Thereafter, defendants made various motions and the motion judge
entered several orders compelling the production of plaintiff's
expert reports, but no such reports were produced. On July 8,
1994, the motion judge ordered plaintiff to provide an expert
liability report within ninety days or be barred from introducing
expert testimony at the time of trial. Plaintiff failed to submit
a report by the determined deadline.
On December 2, 1994, the motion judge granted Dr. Chung-Loy's
motion for partial summary judgment against plaintiff on the issues
of res ipsa loquitur and common knowledge. The judge further
ordered the exclusion of plaintiff's expert testimony on the issue
of liability, and noted that informed consent was the sole issue to
be tried.
On October 27, 1995, the judge entered an order compelling
plaintiff to provide fully responsive and more specific answers to
various interrogatories submitted by Dr. Chung-Loy. In February
1996, the judge, following a case management conference, ordered
that Dr. Chung-Loy appear for deposition and that discovery be
completed within thirty days of January 29, 1996.
On March 18, 1996, the judge entered another case management
order directing that: (1) defendant's expert, Dr. James Chandler,
appear for deposition; (2) plaintiff submit on or before April 8,
1996, any expert report responding only to Chandler's report, or be
barred from thereafter serving a responsive report; (3) plaintiff's
expert be produced for deposition between April 8 and 15, 1996, or
be deposed during trial; (4) trial begin on April 15, 1996; and (5)
videotaped depositions be taken of any witness unavailable for
trial. Again, plaintiff failed to submit an expert's report.

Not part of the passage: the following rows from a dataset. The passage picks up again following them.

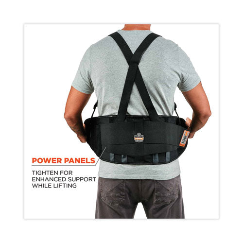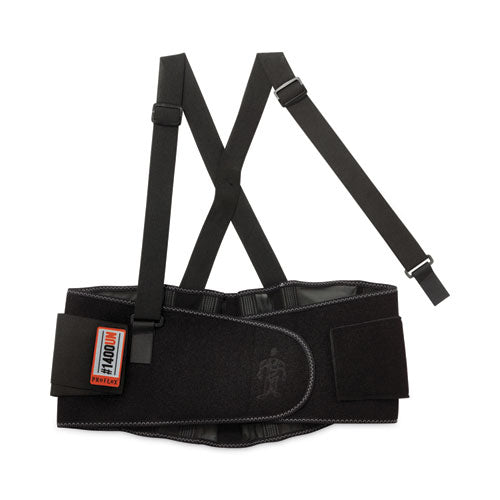 The ProFlex 1400UN Universal Size Back Support Brace provides lower-back and abdominal support for lifting heavy objects, while accommodating nearly any waist size. Universal-fit design accommodates waist sizes ranging from 25 to 58. Non-conductive polypropylene stays and comfortable-stretch 280D spandex body ensure long-lasting integrity. Before lifting heavy objects, simply tighten the support belt to enhance the body's intra-abdominal pressure; and after lifting, just loosen the belt to achieve a wider range of motion. Secure-fit, interior rubber-track webbing prevents the belt from riding up when bending or lifting. Innovative Power Panel Positioners keep the tension bands close-to-hand, making it easy to get the desired level of tension. Adjustable, detachable suspenders allow the wearer to tailor the shoulder-fit to his or her unique needs. For best results, the support should fit snugly around the wearer's hips, with the front of the support two-fingers below the wearer's navel. When worn correctly, workers can easily maintain the proper posture for lifting, while achieving the extra support required to safely complete the task. Easy-to-use hook-and-loop closure keeps the belt securely fastened while in use. Brace can be worn over or underneath clothing. Machine washable—machine-wash cold and air dry.Note: This is a non-returnable item.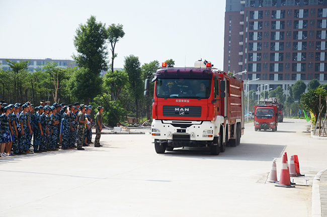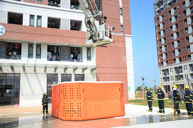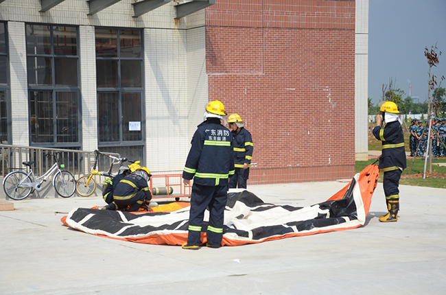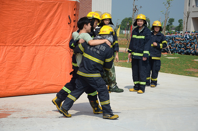随着教官的一声令下,演练正式开始。在教官的指引下,军训学员们按指定路线迅速撤离危险地带。“被困”学生在宿舍阳台上等待消防人员的救援。这时消防官兵和医护人员各司其职,通力合作,分别通过云梯、气垫等方式实施救援,最终成功解救“被困”学生。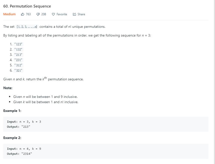 又是一道全排列的题,之前在31题,46题,也讨论过全排列问题的一些解法。这道题的话,是给一个 n,不是输出它的全排列,而是把所有组合从从小到大排列后,输出第 k 个。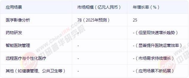图表1:中国人工智能医疗主要应用场景及市场规模
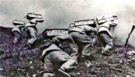△上甘岭战役中,我军后勤人员付出巨大牺牲

Dr. Chung-Loy's counsel requested that plaintiff pay $583.10
for Chandler's deposition taken by plaintiff on March 7, 1996.
Plaintiff refused to pay or respond to the request.

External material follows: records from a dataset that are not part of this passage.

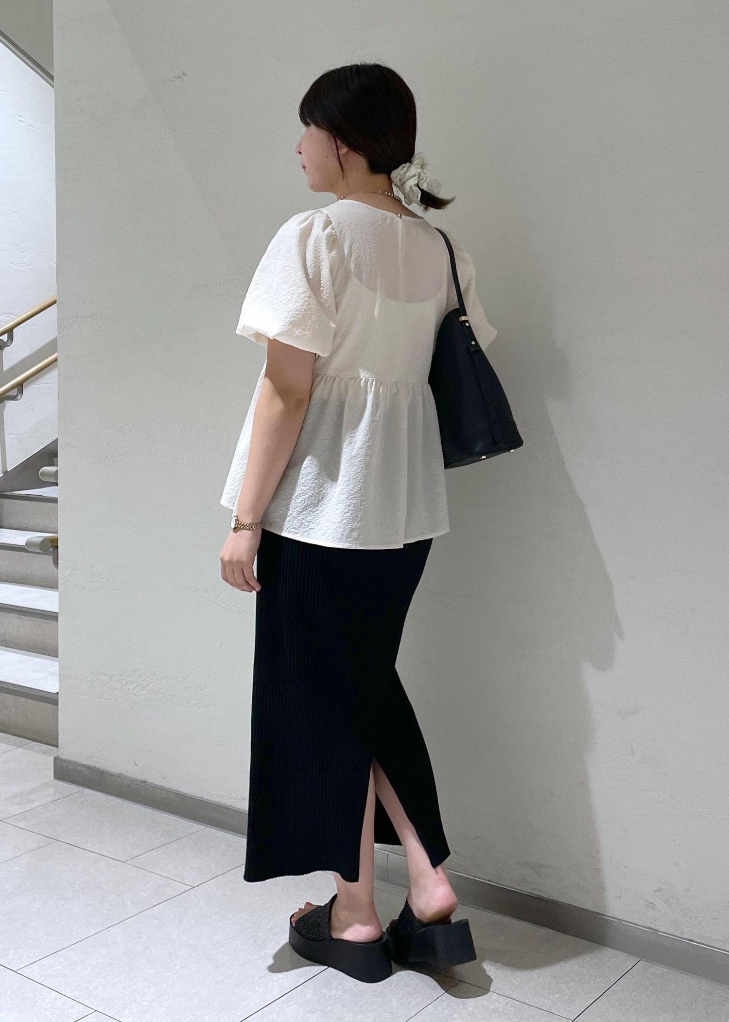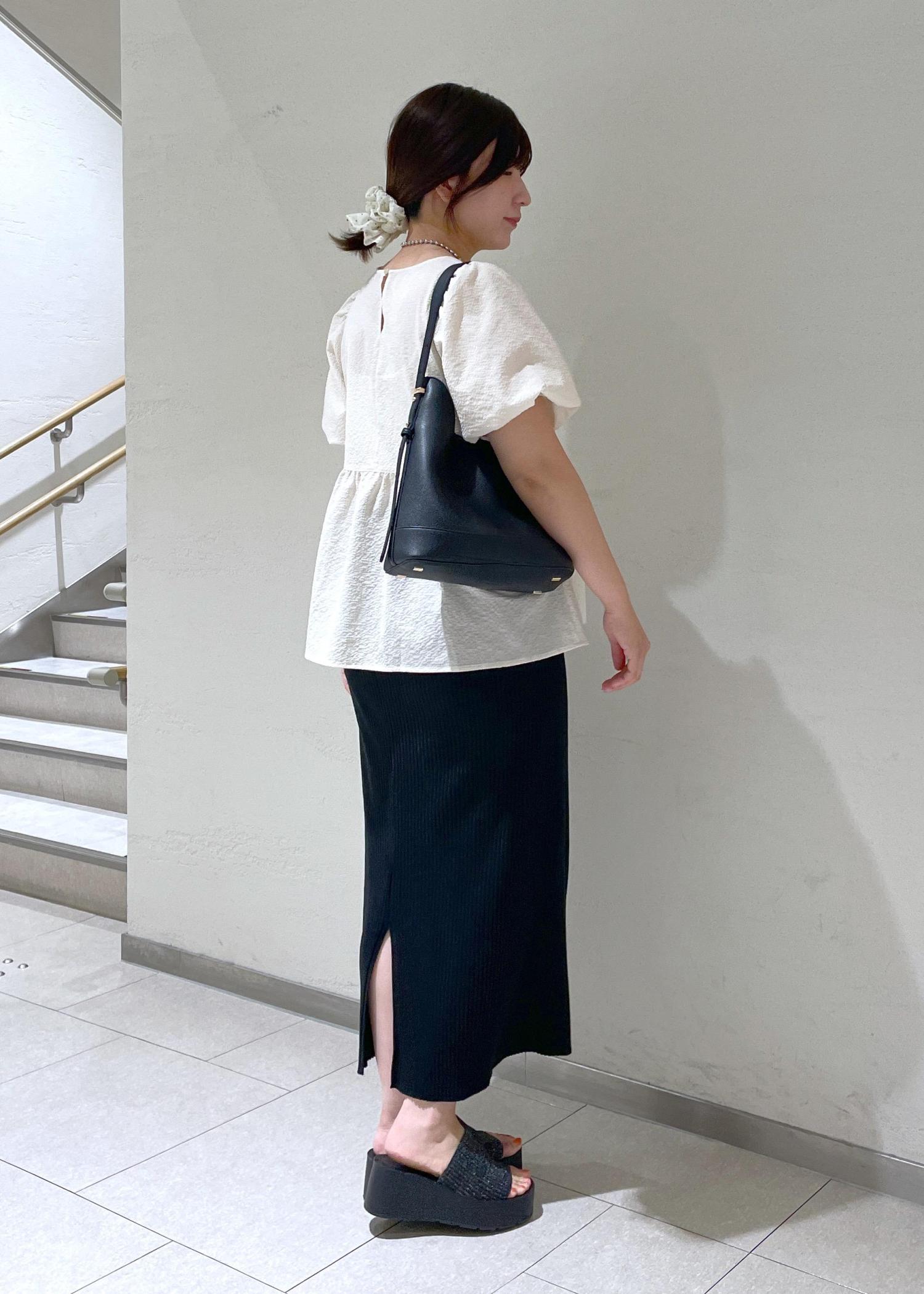 バルーン袖ブラウス×黒スカートコーデ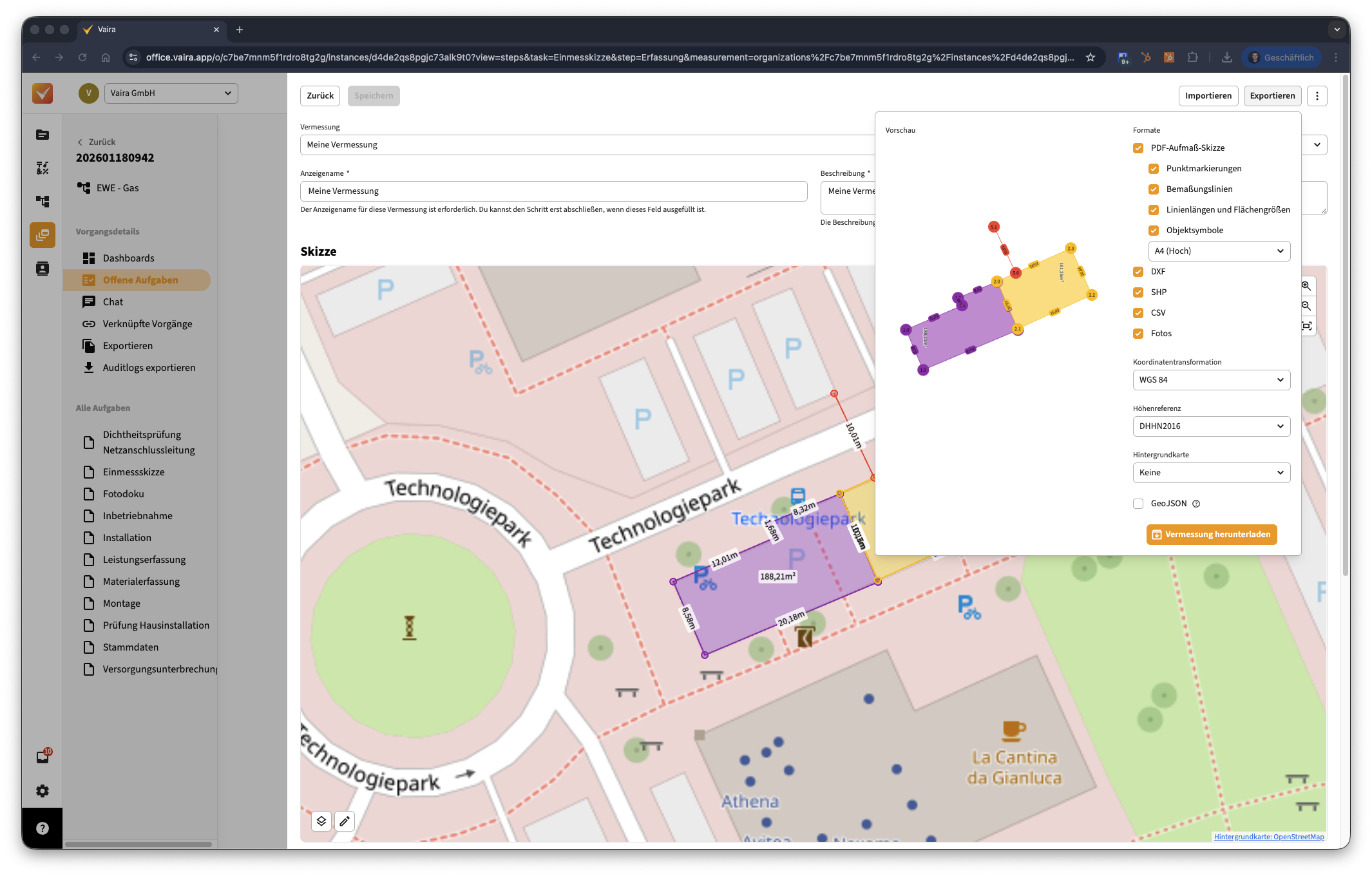 Vermessung aus noch offenem Vorgang exportieren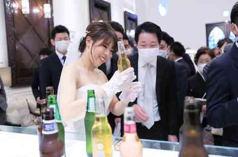 お二人が求めていたのは、堅苦しくない、ゲストと沢山会話が出来、お酒を飲みながら笑いあえるカジュアルな披露宴。ボトルドリンクをお二人から手渡ししていただいたことで、お二人とゲスト一人一人が顔を合わせてお話しが出来る時間が出来ました。飲んで食べて楽しんでくださいのお二人の掛け声にゲストも大盛り上がり。そんな雰囲気で始まった披露宴だからこそ、結びの時間まで笑顔溢れる披露宴になりました。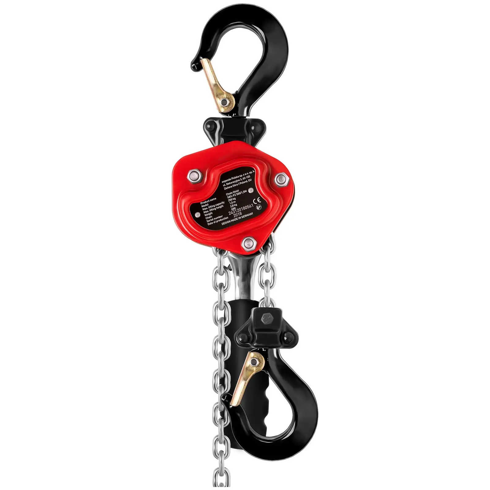 Teräspalkki, moottorin osa, rakennusteline – on useita esineitä, jotka ovat liian painavia siirrettäviksi ilman apuvälineitä. Juuri tähän tarkoitukseen on ketjutalja SBS-FZ 250/1,5M, joka moninkertaistaa voimasi ja helpottaa painavien lastien nostossa. Joustavan rakenteensa ansiosta sitä voidaan käyttää niin rakennuksilla, työverstaissa tai varastohalleissa. Steinberg Systemsin ketjuviputaljan kantokyky on jopa 250 kg, minkä laitteen lujatekoinen teräsrakenne mahdollistaa. Myös teräsketju, jolla lastit nostetaan, on erittäin vankka ja se erottuu edukseen 4 millimetrin ketjulenkeillään. Ketjuviputaljalla nostat esineet jopa 1,5 metrin korkeuteen, joten niiden siirtelyyn saat mitä parhaimman liikkumavaran. Talja työskentelee mekaanisesti ilman ulkopuolista energialähdettä. Kuormat voidaan nostaa tai siirtää yksinkertaisesti ketjusta vetämällä. Näin ollen talja on käytettävissä erityisen joustavasti Räikän avulla myös painavien kuormien nosto ja lasku sujuu erityisen mukavasti. Räikkä voidaan asettaa toimintovalikosta keskelle, jolloin ketju lukittuu varmasti. Räikkää säädetään vipukahvalla, joka on päällystetty kumilla käyttömukavuuden takaamiseksi. Ketjutalja kiinnitetään kiinteällä koukullaan kattoon tai palkkiin. Toinen koukku on tarkoitettu lastille. Se voidaan varmistaa sulkimella, joten esine roikkuu ketjussa turvallisesti. Nosto- ja laskuliike voidaan keskeyttää millä tahansa hetkellä ja lukita räikästä varmistaen, joten työskentelyn täysi kontrolli on aina mahdollista ja turvallisuus taattu.

Trial commenced on April 30, 1996. Defendants David M.
Rosenheck, M.D., Marc M. Wolfman, M.D., and John F. Kennedy Medical
Center did not appear and were not represented at trial because
they were not involved in the informed consent issue.
The evidence presented at trial showed that in September 1990,
plaintiff began experiencing stomach problems and lost
approximately sixty pounds. He was working as an independent
engineering consultant at the time. On Christmas Eve 1990, he went
to the Kennedy Medical Center complaining of severe nausea,
vomiting, and a lack of appetite. He was treated and released.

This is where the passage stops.